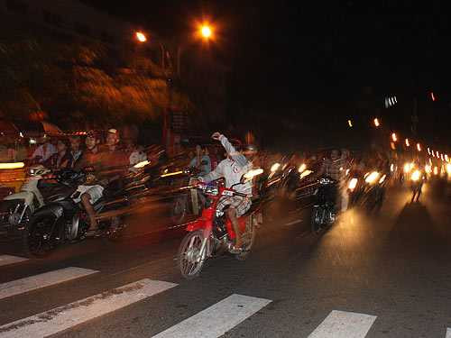 Trên đường đi, các đối tượng lái xe lạng lách, đánh võng phóng với tốc độ 80-90km/h. Nhóm này còn liên tục rồ ga, bấm còi inh ỏi.
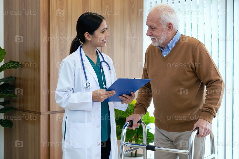Среднего возраста Женщина Доктор Консультации Старший мужчина Используя ходока
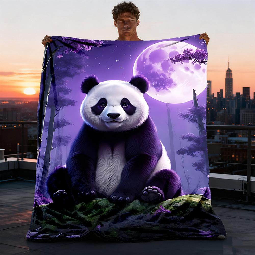 1pc Panda Moon Night Throw Blanket Polyester Fiber, Lightweight Flannel, Soft & Warm, All Season Use for Outdoor, Camping Digital Print
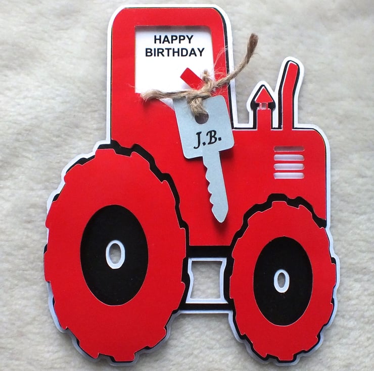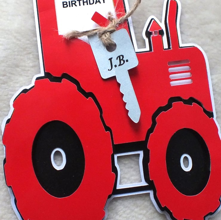 Ideal birthday card for a farmer, or those who love tractors. This handmade die-cut tractor is made using red, white and black gloss card, with a die-cut key which can be personalised. Measures approx. A5 in size. The insert has been left blank for your own message.
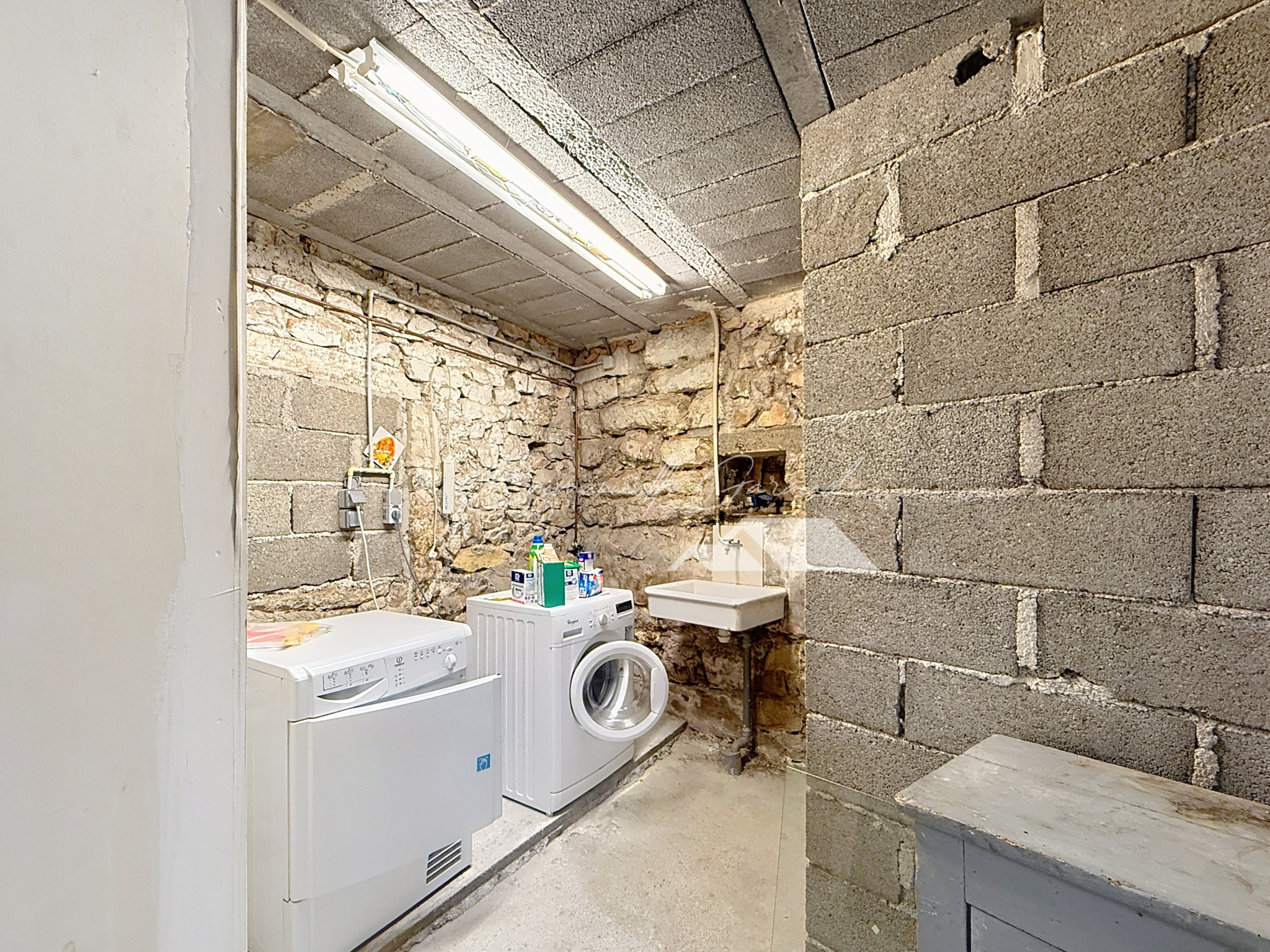 En rez-de-jardin : un grand garage de 34 m², un espace atelier / buanderie et des toilettes complètent ce bien.
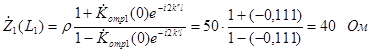 Вначале вычислим коэффициент отражения от нагрузки
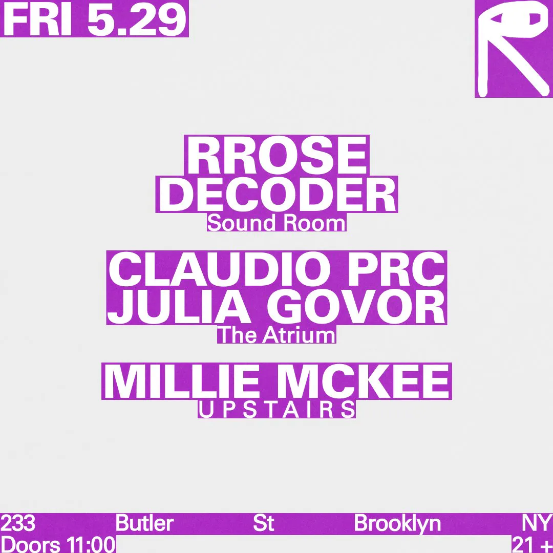 Two of the fresher voices in contemporary techno make their debuts at 233. Rrose’s mesmerizing groove and remorseless, industrial atmospheres hypnotize through gradual ebbs and flows and irresistible, rolling basslines. Decoder’s sci-fi sound resembles the more playful sides of Aleksi Perälä and Perlon-era minimalism. In The Atrium, Claudio PRC and Julia Govor thread ambient-explorative, precision techno into hypnotic, far-reaching journeys, while Millie McKee shares a far-reaching range of cosmic mind + body music UPSTAIRS.
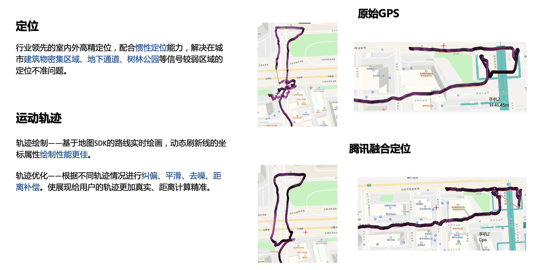 健身训练轨迹记录不准确,缺少自定义能力:需要实时显示或回溯运动轨迹,计算运动速度,查看或分享运动成果
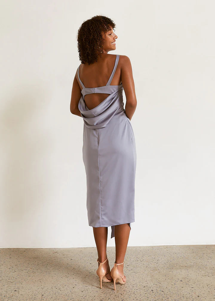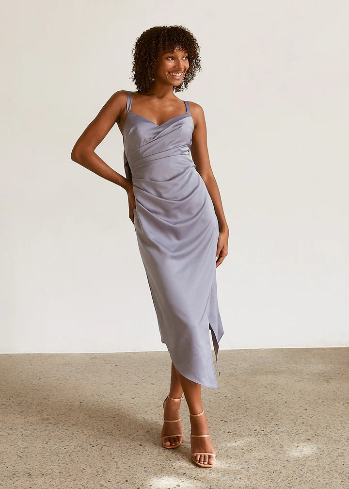 Introducing Zelkova, a timeless choice for your bridal party. Available in Powder Blue, Champagne, Rose, Sea Mist, and Navy, this dress features a sweetheart neckline with pleated draped bodice detail, wide-set straps, and a flattering pleated waist. The crossover centre front split adds allure, while the cowl back with a wide backstrap offers a modern touch. With built-in bra cups and boning, Zelkova ensures comfort and support. Complete with an invisible zip closure,
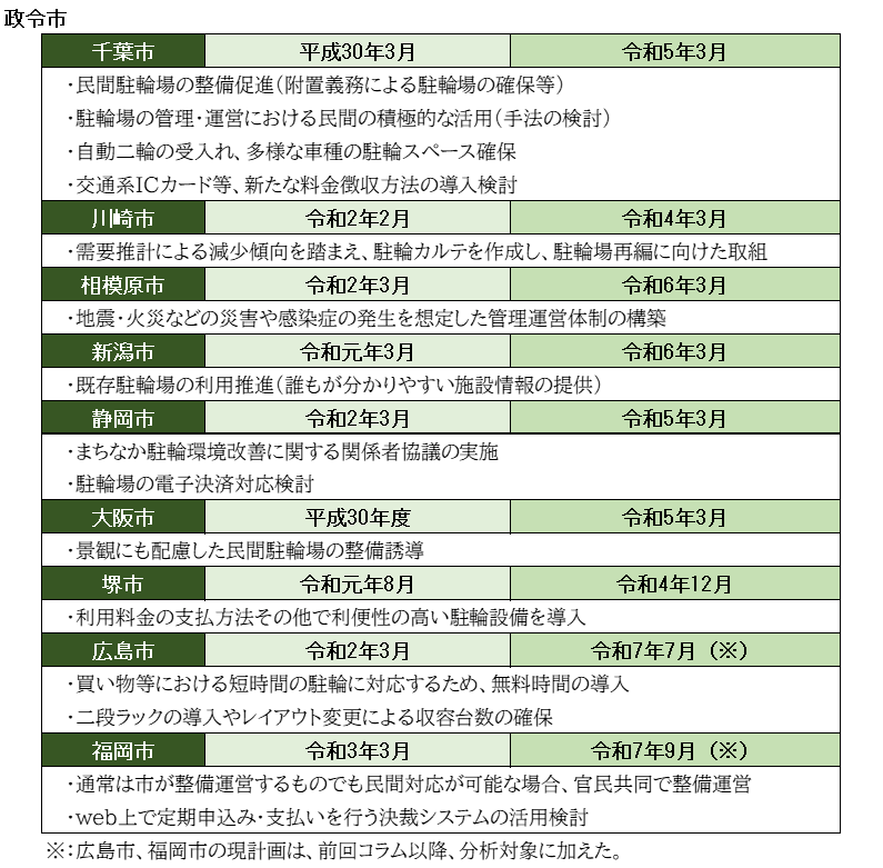 政令市においては9自治体が計画変更していますが、その中では新たな駐輪ニーズとして、ICTを活用した料金支払い方法を挙げる自治体(千葉市、静岡市、堺市、福岡市)や、民間の積極活用を挙げる自治体(千葉市、大阪市、福岡市)が目立ちます。ICT活用の料金支払いについては、堺市は、今回の有識者会議資料に示された自治体ヒアリング調査結果においても「機械化、キャッシュレス化のニーズが高いことから、多様な駐輪ニーズへの対応も(国の計画に)追記が必要では」と回答しています。
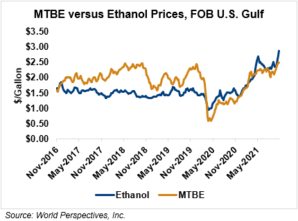 MTBE prices rose 1.5 percent last week but are slightly lower in early week trading, down 0.1 percent from Friday’s close through Tuesday’s trading. MTBE’s premium to FOB Houston ethanol has decreased from last week’s report and stands at -10.39 cents/liter (-39.34 cents/gallon).
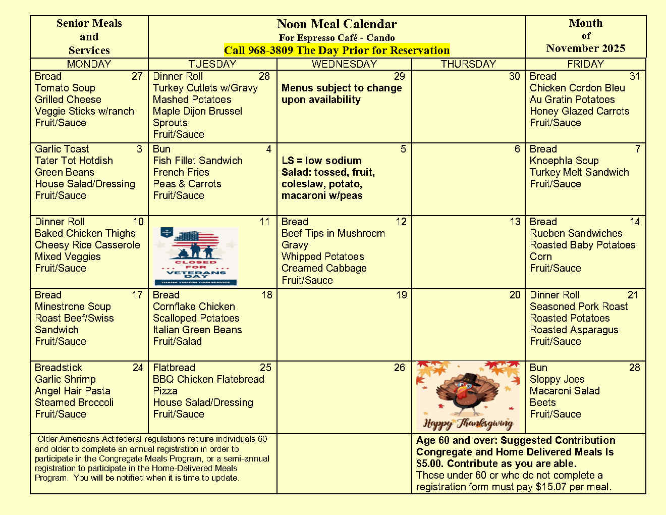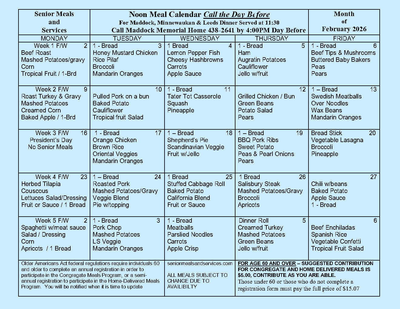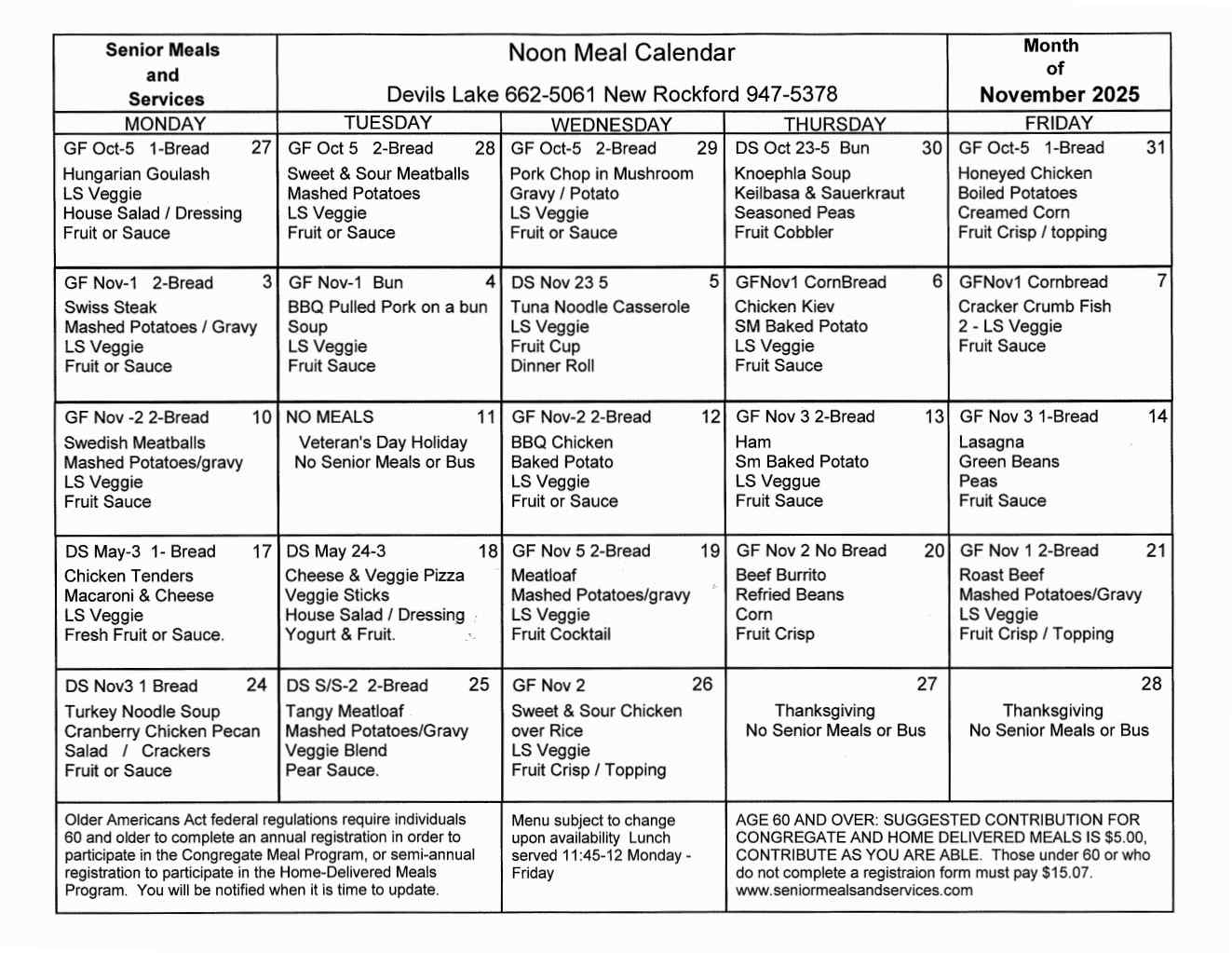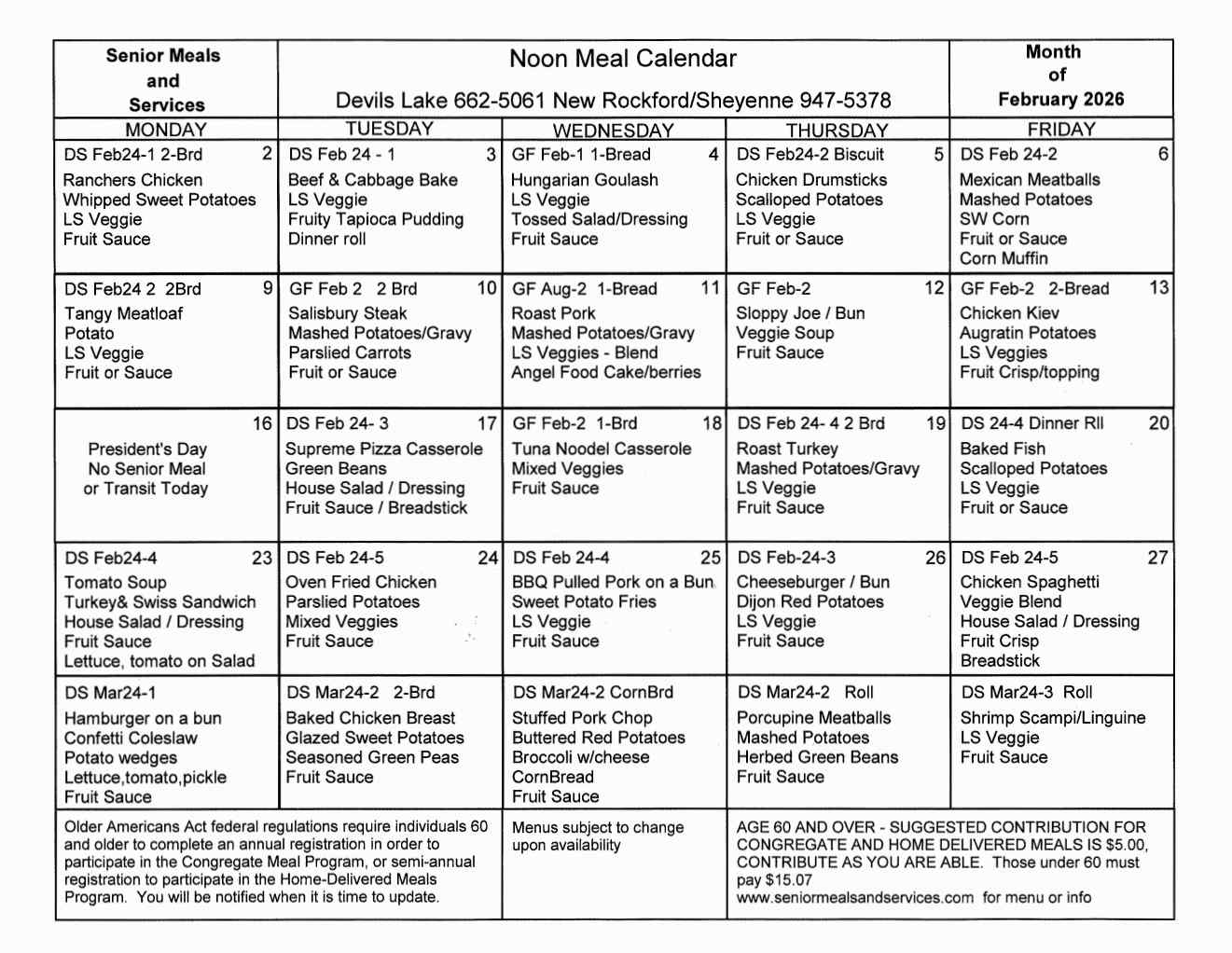Frozen Meals and Soups are available. Call 701-662-5061 for more information.

TASK ITEM.
Reproduce the listing above exactly from the line containing "1pc Panda Moon" up to and including the line containing "Вначале вычислим коэффициент", omitting any images and everything outside those lines.

THE ANSWER.
 1pc Panda Moon Night Throw Blanket Polyester Fiber, Lightweight Flannel, Soft & Warm, All Season Use for Outdoor, Camping Digital Print
 Ideal birthday card for a farmer, or those who love tractors. This handmade die-cut tractor is made using red, white and black gloss card, with a die-cut key which can be personalised. Measures approx. A5 in size. The insert has been left blank for your own message.
 En rez-de-jardin : un grand garage de 34 m², un espace atelier / buanderie et des toilettes complètent ce bien.
 Вначале вычислим коэффициент отражения от нагрузки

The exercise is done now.